[[ DATA RECORDS, beginning ]]

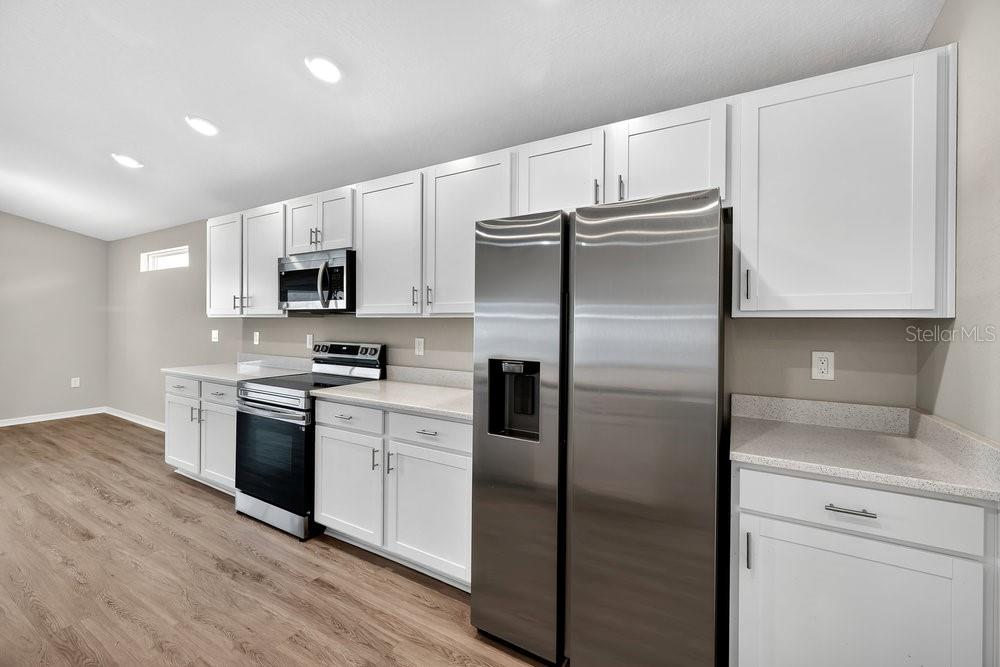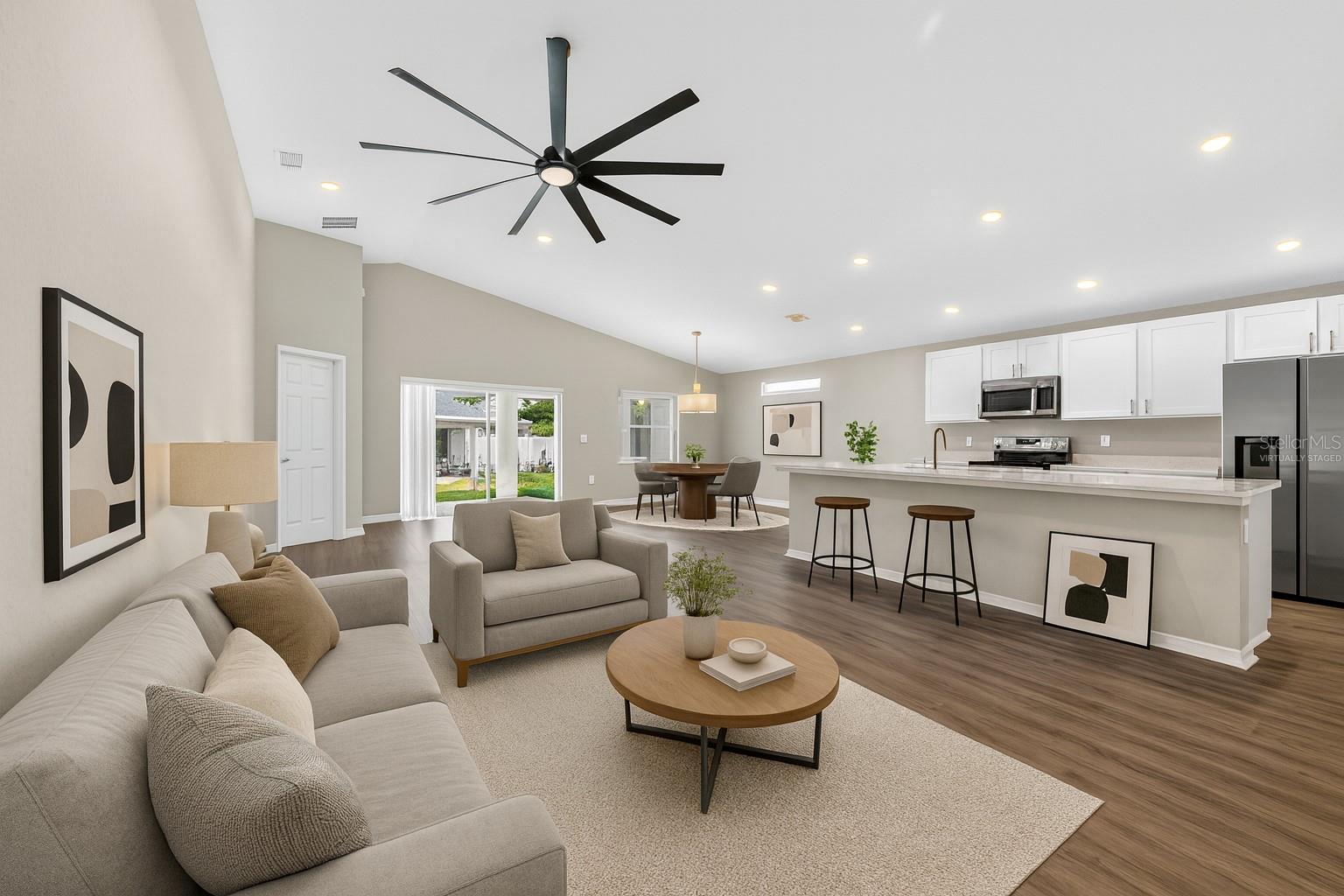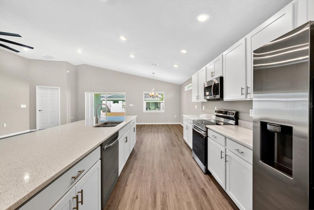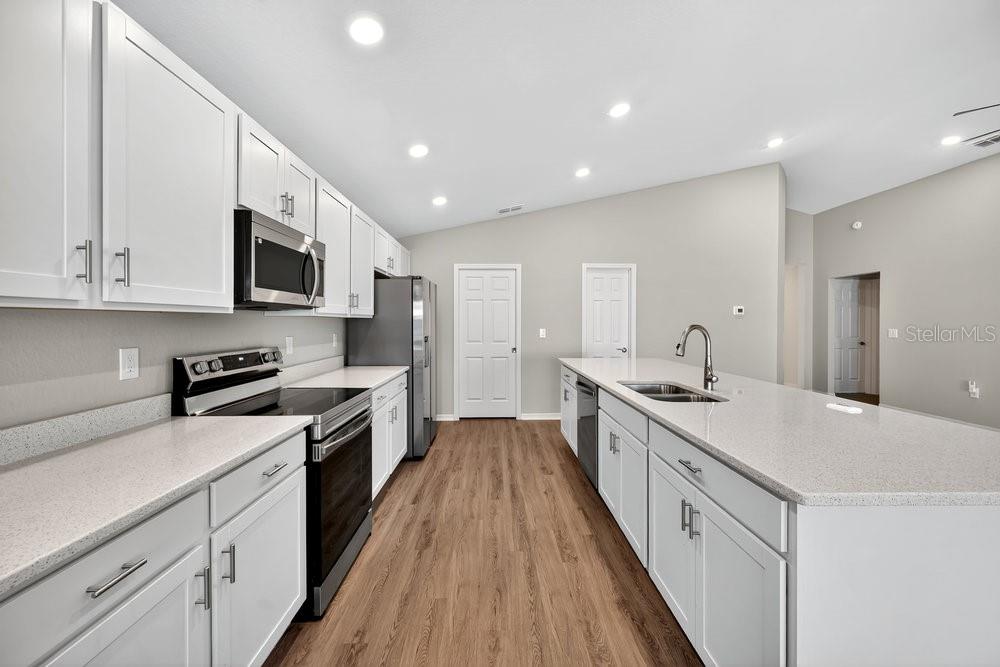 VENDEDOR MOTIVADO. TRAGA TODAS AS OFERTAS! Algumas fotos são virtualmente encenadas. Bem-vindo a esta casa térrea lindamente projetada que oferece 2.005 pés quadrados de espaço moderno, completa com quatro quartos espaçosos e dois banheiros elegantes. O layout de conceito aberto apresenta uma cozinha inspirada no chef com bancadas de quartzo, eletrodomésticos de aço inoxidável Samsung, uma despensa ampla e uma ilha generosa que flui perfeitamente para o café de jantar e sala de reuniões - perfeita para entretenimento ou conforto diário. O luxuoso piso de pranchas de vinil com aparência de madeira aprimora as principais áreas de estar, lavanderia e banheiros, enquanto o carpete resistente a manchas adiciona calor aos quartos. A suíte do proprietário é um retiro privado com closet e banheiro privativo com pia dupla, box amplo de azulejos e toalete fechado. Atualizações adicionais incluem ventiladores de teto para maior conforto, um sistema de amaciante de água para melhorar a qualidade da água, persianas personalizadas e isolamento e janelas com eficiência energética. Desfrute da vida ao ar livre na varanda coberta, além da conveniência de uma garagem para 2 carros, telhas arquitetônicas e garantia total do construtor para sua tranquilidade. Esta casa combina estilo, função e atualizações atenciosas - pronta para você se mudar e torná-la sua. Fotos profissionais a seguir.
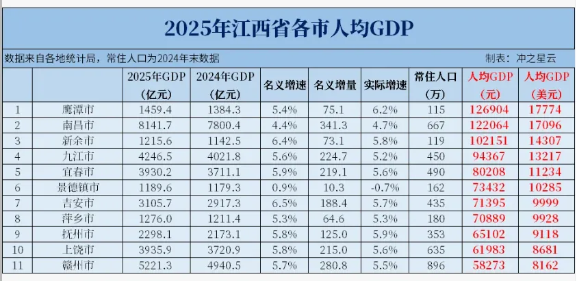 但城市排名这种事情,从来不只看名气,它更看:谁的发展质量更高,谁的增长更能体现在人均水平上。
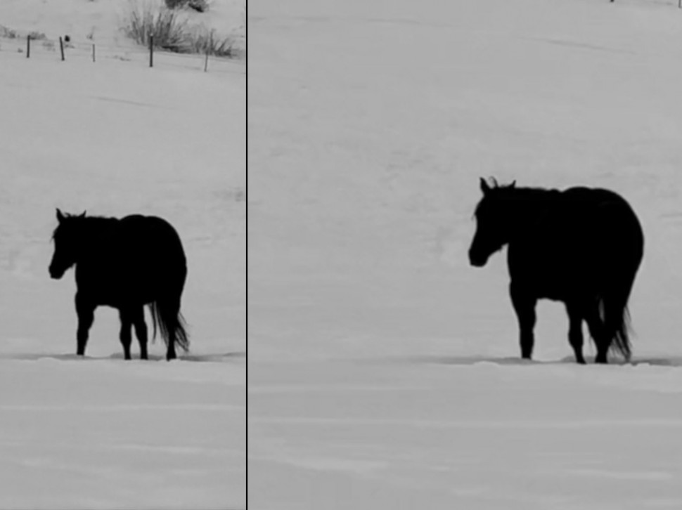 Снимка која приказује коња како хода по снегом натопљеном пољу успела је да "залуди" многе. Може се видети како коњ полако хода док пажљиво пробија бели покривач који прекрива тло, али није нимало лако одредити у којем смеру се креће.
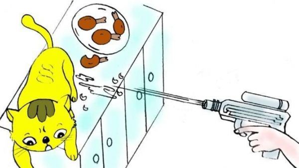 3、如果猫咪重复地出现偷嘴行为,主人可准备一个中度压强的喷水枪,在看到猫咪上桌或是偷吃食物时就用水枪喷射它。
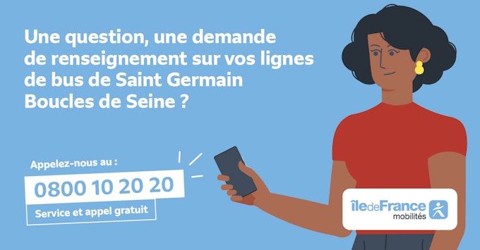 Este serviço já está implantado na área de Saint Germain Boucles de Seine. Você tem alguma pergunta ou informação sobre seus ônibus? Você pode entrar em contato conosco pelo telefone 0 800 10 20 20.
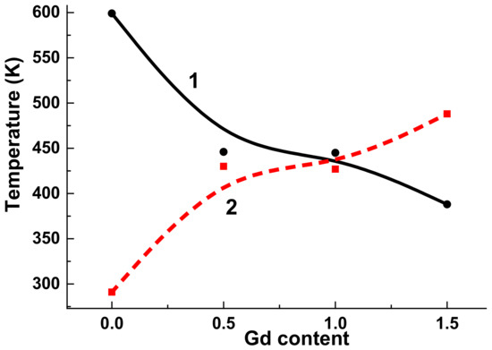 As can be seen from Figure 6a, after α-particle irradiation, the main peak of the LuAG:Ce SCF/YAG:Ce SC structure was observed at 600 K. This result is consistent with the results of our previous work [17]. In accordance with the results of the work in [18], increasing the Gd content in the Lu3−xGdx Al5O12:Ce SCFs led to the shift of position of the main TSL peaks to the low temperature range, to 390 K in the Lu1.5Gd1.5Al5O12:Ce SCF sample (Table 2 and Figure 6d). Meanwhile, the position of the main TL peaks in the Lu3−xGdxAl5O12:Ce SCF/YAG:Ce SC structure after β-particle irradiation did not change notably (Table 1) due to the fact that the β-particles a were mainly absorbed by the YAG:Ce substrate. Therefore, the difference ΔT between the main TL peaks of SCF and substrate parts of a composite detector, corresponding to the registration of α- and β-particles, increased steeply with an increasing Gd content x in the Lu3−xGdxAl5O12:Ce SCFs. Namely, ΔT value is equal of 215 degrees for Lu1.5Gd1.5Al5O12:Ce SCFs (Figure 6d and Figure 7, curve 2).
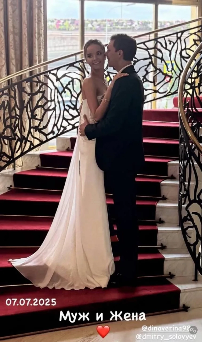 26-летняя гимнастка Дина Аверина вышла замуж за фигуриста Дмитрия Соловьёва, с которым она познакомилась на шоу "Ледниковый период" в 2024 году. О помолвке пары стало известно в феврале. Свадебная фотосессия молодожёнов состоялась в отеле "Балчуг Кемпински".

[[ DATA RECORDS, end ]]

Return exactly the line containing "3、如果猫咪重复地出现偷嘴行" and every line after it, up to and including the final line of the entries above. Pictures stay out.

 3、如果猫咪重复地出现偷嘴行为,主人可准备一个中度压强的喷水枪,在看到猫咪上桌或是偷吃食物时就用水枪喷射它。
 Este serviço já está implantado na área de Saint Germain Boucles de Seine. Você tem alguma pergunta ou informação sobre seus ônibus? Você pode entrar em contato conosco pelo telefone 0 800 10 20 20.
 As can be seen from Figure 6a, after α-particle irradiation, the main peak of the LuAG:Ce SCF/YAG:Ce SC structure was observed at 600 K. This result is consistent with the results of our previous work [17]. In accordance with the results of the work in [18], increasing the Gd content in the Lu3−xGdx Al5O12:Ce SCFs led to the shift of position of the main TSL peaks to the low temperature range, to 390 K in the Lu1.5Gd1.5Al5O12:Ce SCF sample (Table 2 and Figure 6d). Meanwhile, the position of the main TL peaks in the Lu3−xGdxAl5O12:Ce SCF/YAG:Ce SC structure after β-particle irradiation did not change notably (Table 1) due to the fact that the β-particles a were mainly absorbed by the YAG:Ce substrate. Therefore, the difference ΔT between the main TL peaks of SCF and substrate parts of a composite detector, corresponding to the registration of α- and β-particles, increased steeply with an increasing Gd content x in the Lu3−xGdxAl5O12:Ce SCFs. Namely, ΔT value is equal of 215 degrees for Lu1.5Gd1.5Al5O12:Ce SCFs (Figure 6d and Figure 7, curve 2).
 26-летняя гимнастка Дина Аверина вышла замуж за фигуриста Дмитрия Соловьёва, с которым она познакомилась на шоу "Ледниковый период" в 2024 году. О помолвке пары стало известно в феврале. Свадебная фотосессия молодожёнов состоялась в отеле "Балчуг Кемпински".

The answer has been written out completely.